They take a real situation, and ask a bunch of people involved in medical
ethics about what should happen, and they step through the case asking at each
step "what's changed?" and why.

[http://www.bbc.co.uk/programmes/b007xbtd](http://www.bbc.co.uk/programmes/b007xbtd)

Here's one example:

[http://www.bbc.co.uk/programmes/b0643x61](http://www.bbc.co.uk/programmes/b0643x61)

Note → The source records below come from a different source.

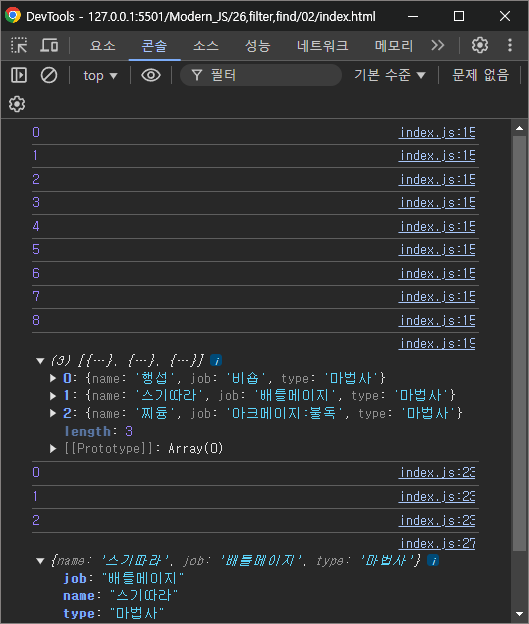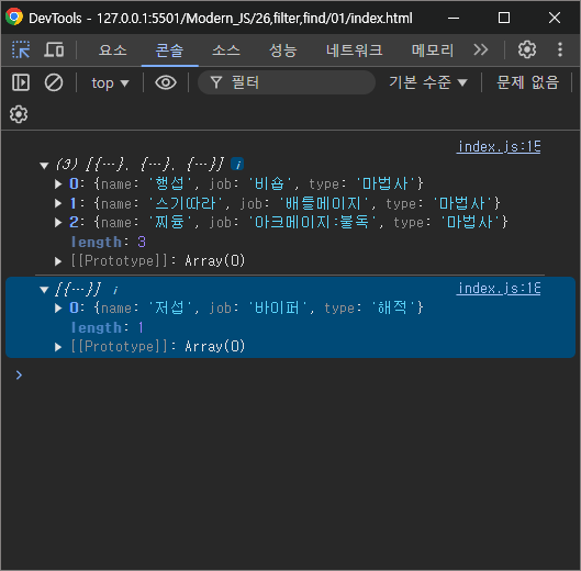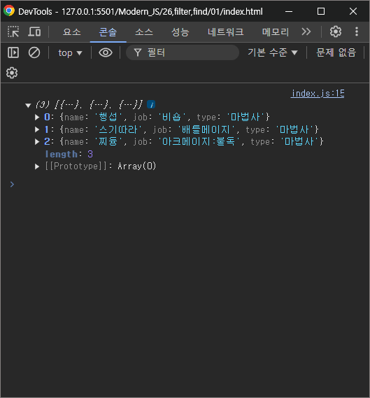 type이 "마법사"인 요소만 담겨있는 것을 확인할 수 있다.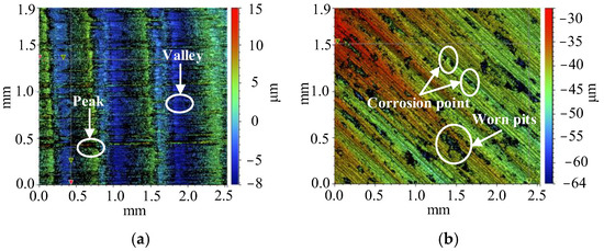 During the wear process, the wear degree of the rotating shaft and bearings constantly changes under the coupling impact of axial force, radial force, friction force, vibration impact force, and corrosion, which contributes to the unbalanced 2D worn surface morphology shown in Figure 12.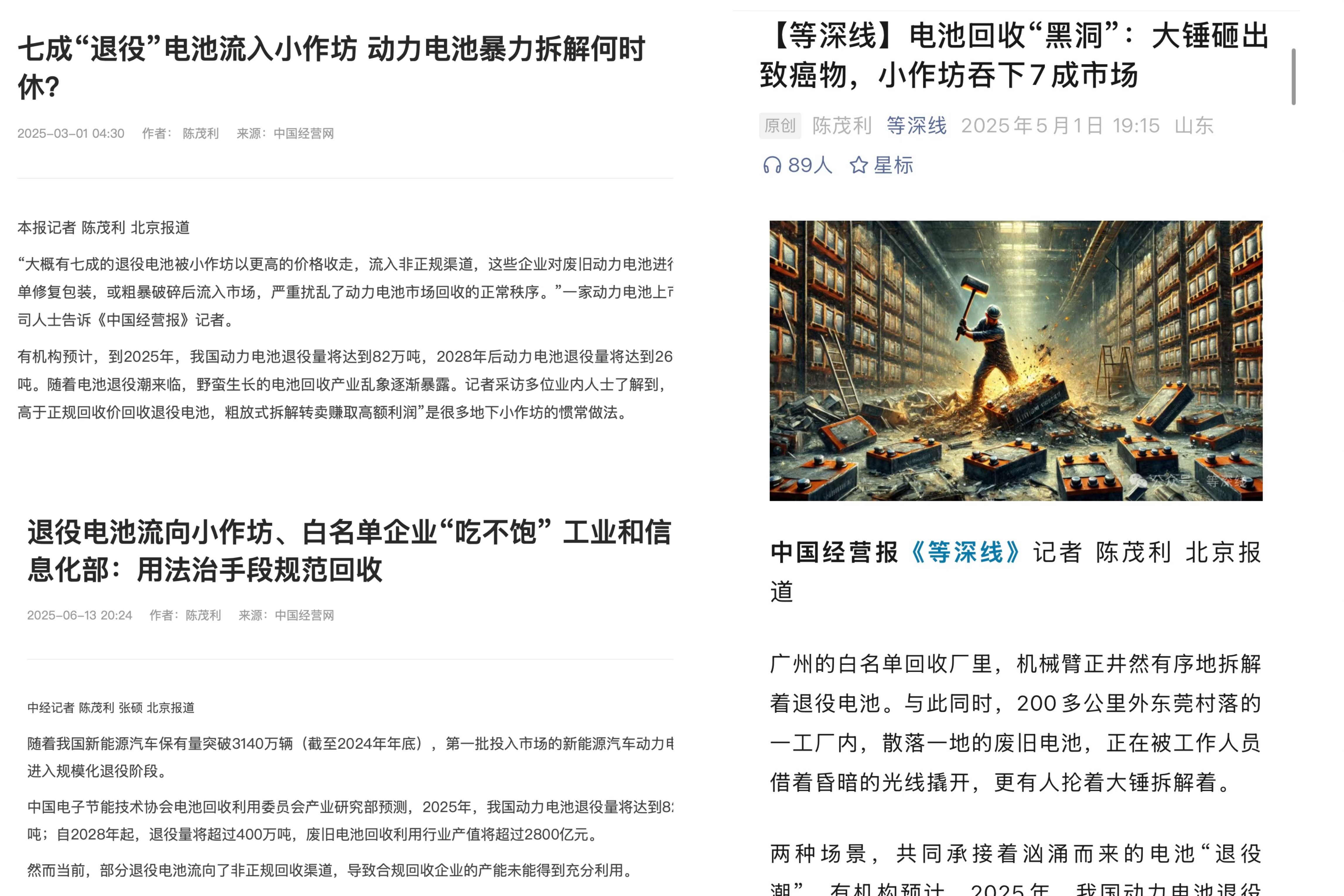 《中国经营报》记者就动力电池回收市场存在的乱象进行调查,相继刊发了多篇报道
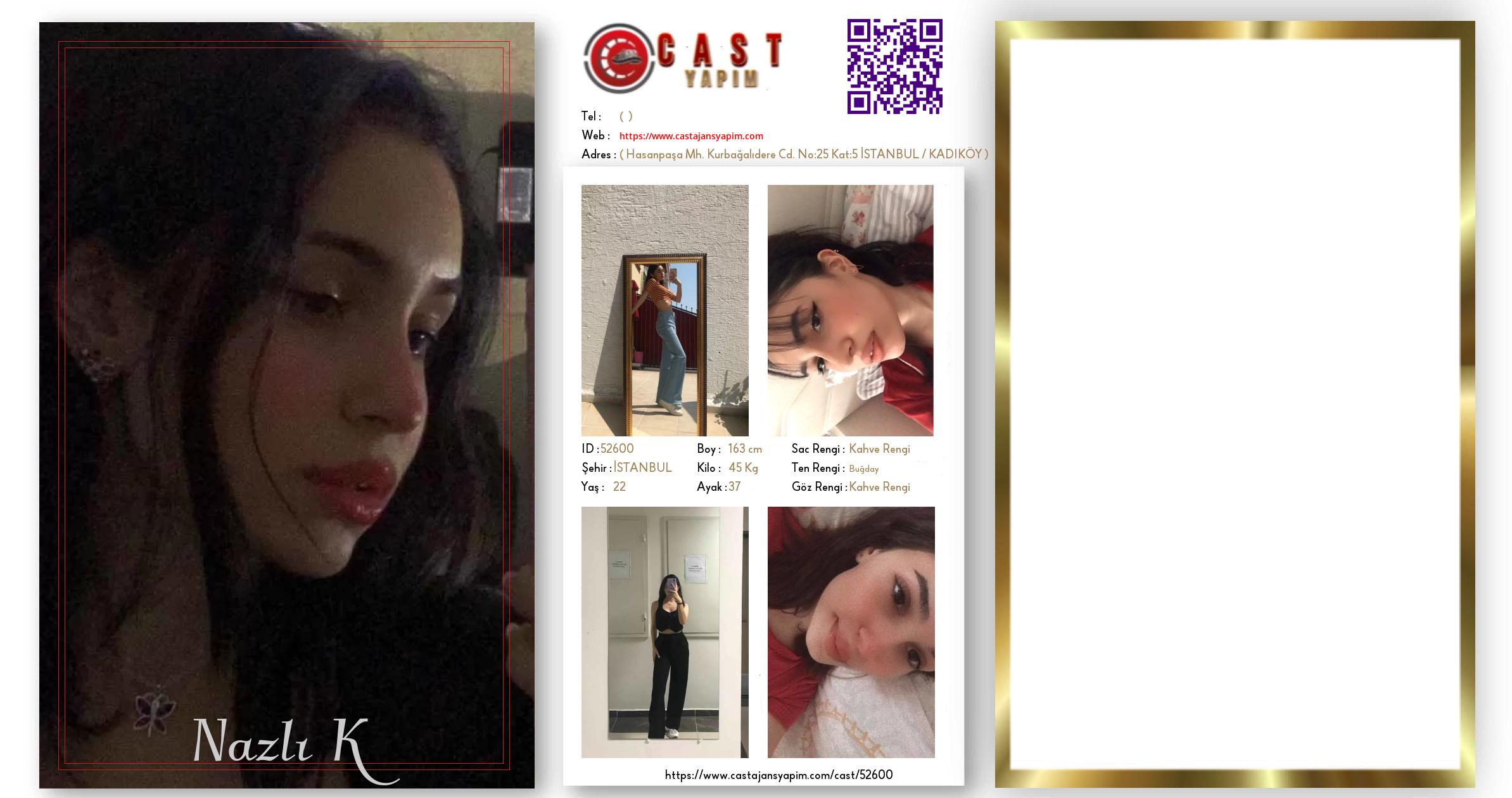 Merhaba, ben Nazlı. İSTANBUL şehrinde yaşıyorum ve 22 yaşındayım. Genel özelliklerim arasında boyum 163 cm, kilom 45 kg, saç rengim Kahve Rengi, göz rengim Kahve Rengi, ten rengim Buğday.
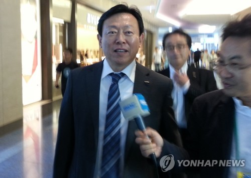 | △ 출국장 향하는 신동빈 롯데그룹 회장 (도쿄=연합뉴스) 조준형 특파원 = 신동빈 롯데그룹 회장이 3일 오전 한국으로 출국하기 위해 일본 하네다공항에 도착, 취재진의 질문을 받고 있다. 2015.8.3 jhcho@yna.co.kr |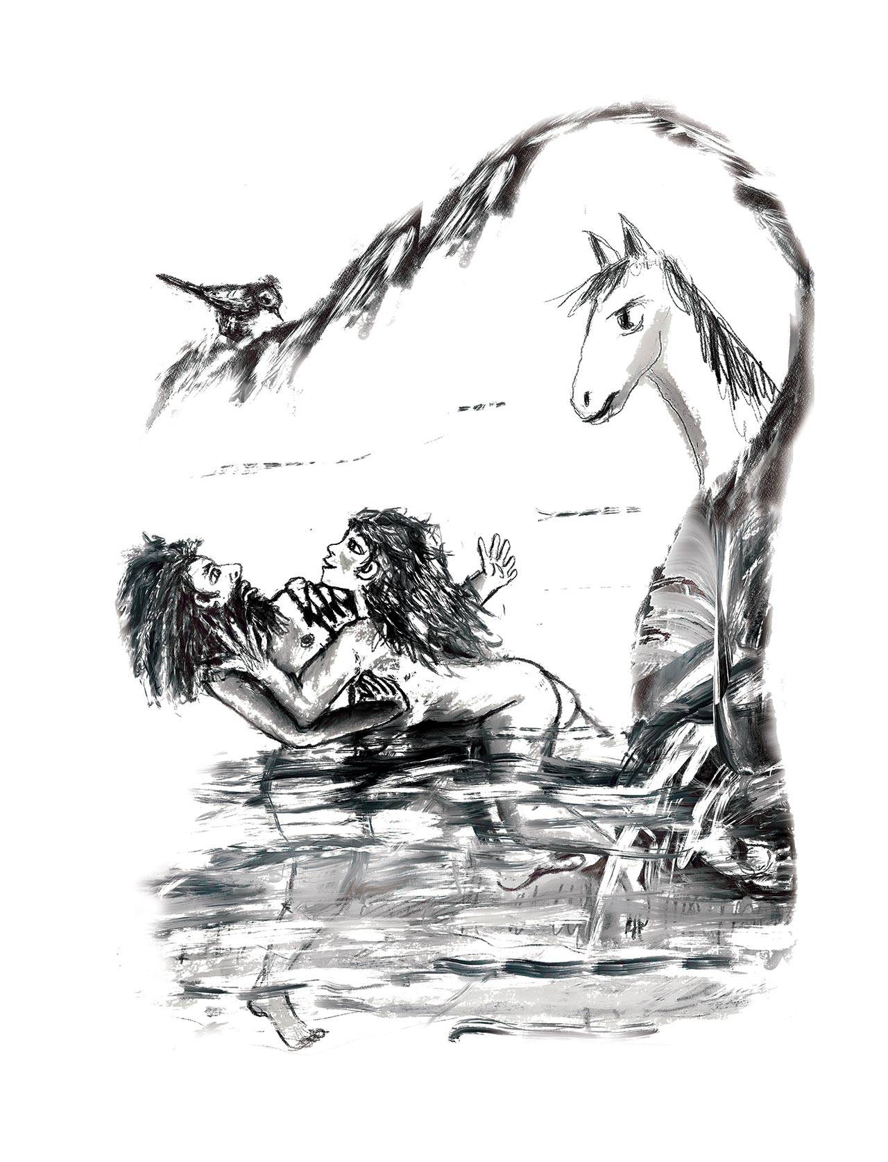 ואחד האיורים הראשונים שעשיתי, גוליבר הזעיר והיהיר נופל לערימת חרא לצהלת כולם. אני אוהבת אותו מאוד, והוא באמת לא דרש הרבה עבודה כמו האיורים הקודמים. והיה גם איור שנאלצתי לצנזר 🤭 נתנו לי יד חופשית, אבל כנראה הגזמתי. כאן היאהו קופצת על גוליבר הנבוך כאשר הוא רוחץ בנהר…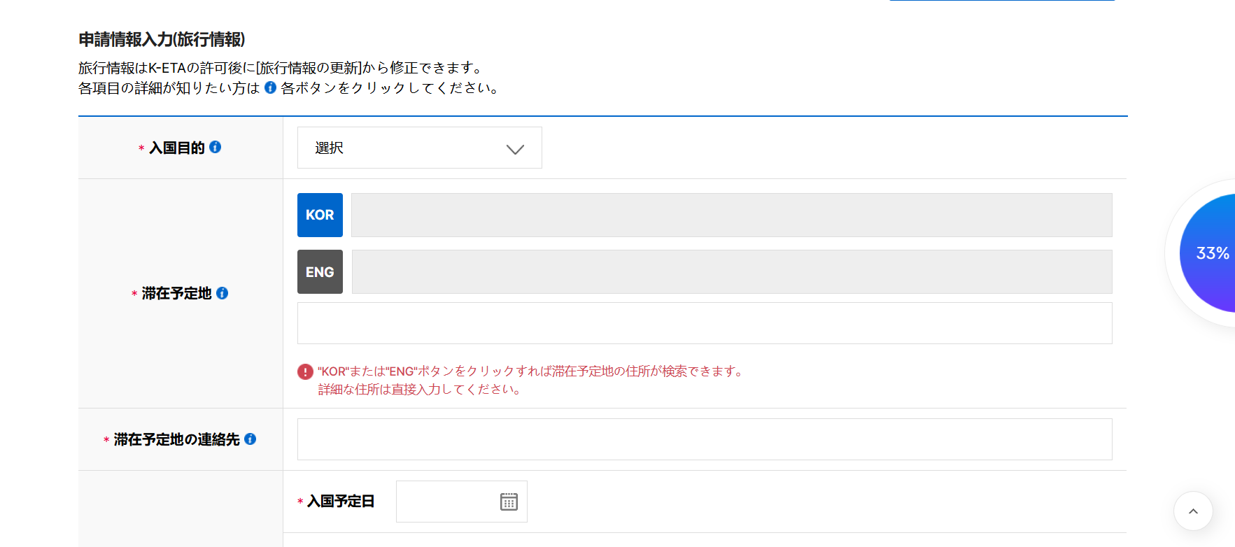 ②韓国での宿泊先の住所を入力。ホテルなど滞在先が決まっている場合は韓国語の住所をコピペするとスムーズに入力できる。未定の場合はNONEと入力
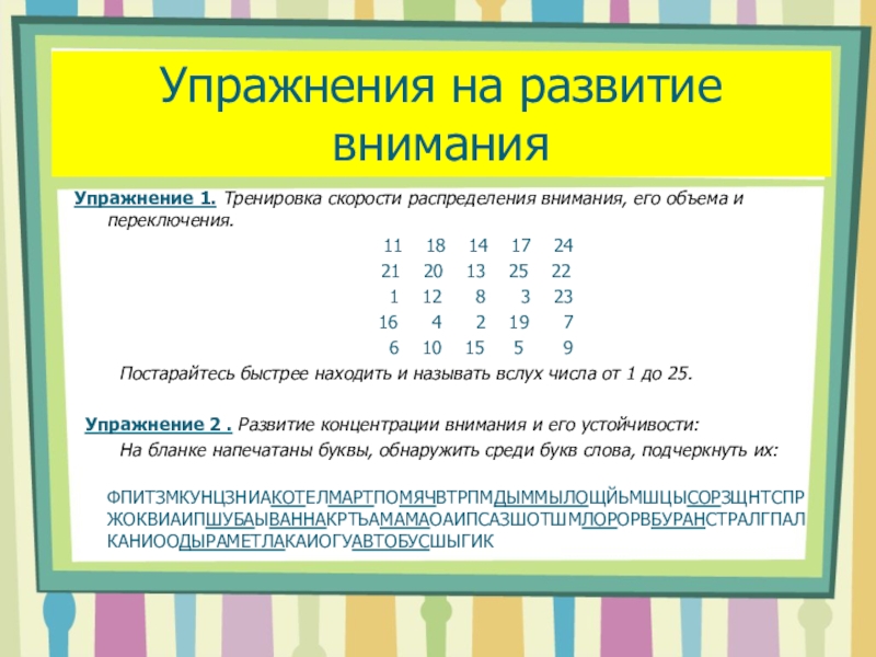 Упражнение 2 . Развитие концентрации внимания и его устойчивости: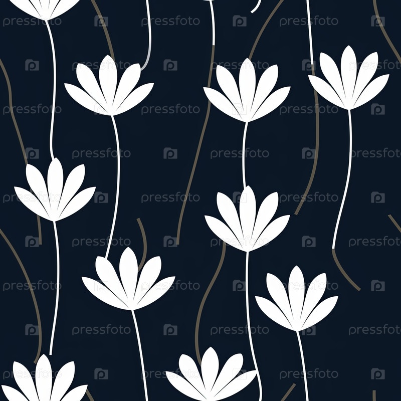 Минималистский и абстрактный бесшовный узор с простыми черно-белыми цветочными силуэтами для создания элегантного и современного дизайна

> Ashley is 14 years old when doctors discover a brain tumour. Tests reveal
> that it's highly treatable; there's a 95% chance of cure if he has a course
> of radiotherapy.

> Ashley begins the treatment but he has to wear a mask which makes him very
> anxious and the radiotherapy itself makes him sick. He finds it increasingly
> difficult to bear and he starts to miss his sessions.

> Despite patchy treatment Ashley's cancer goes into remission. He and his
> mother are thrilled but a routine follow-up scan a few months later shows
> that the cancer has returned.

> Ashley is adamant that he will not have the chemotherapy that is recommended
> this time. He threatens that he will run away if treatment is forced on him.
> Although Ashley is only 15 he is 6'2" and restraining him would not be easy.

> Should the medical team and his mother persuade him to have the
> chemotherapy? Or should they accept his decision, even though he is only 15?

It's probably on other podcasting platforms too.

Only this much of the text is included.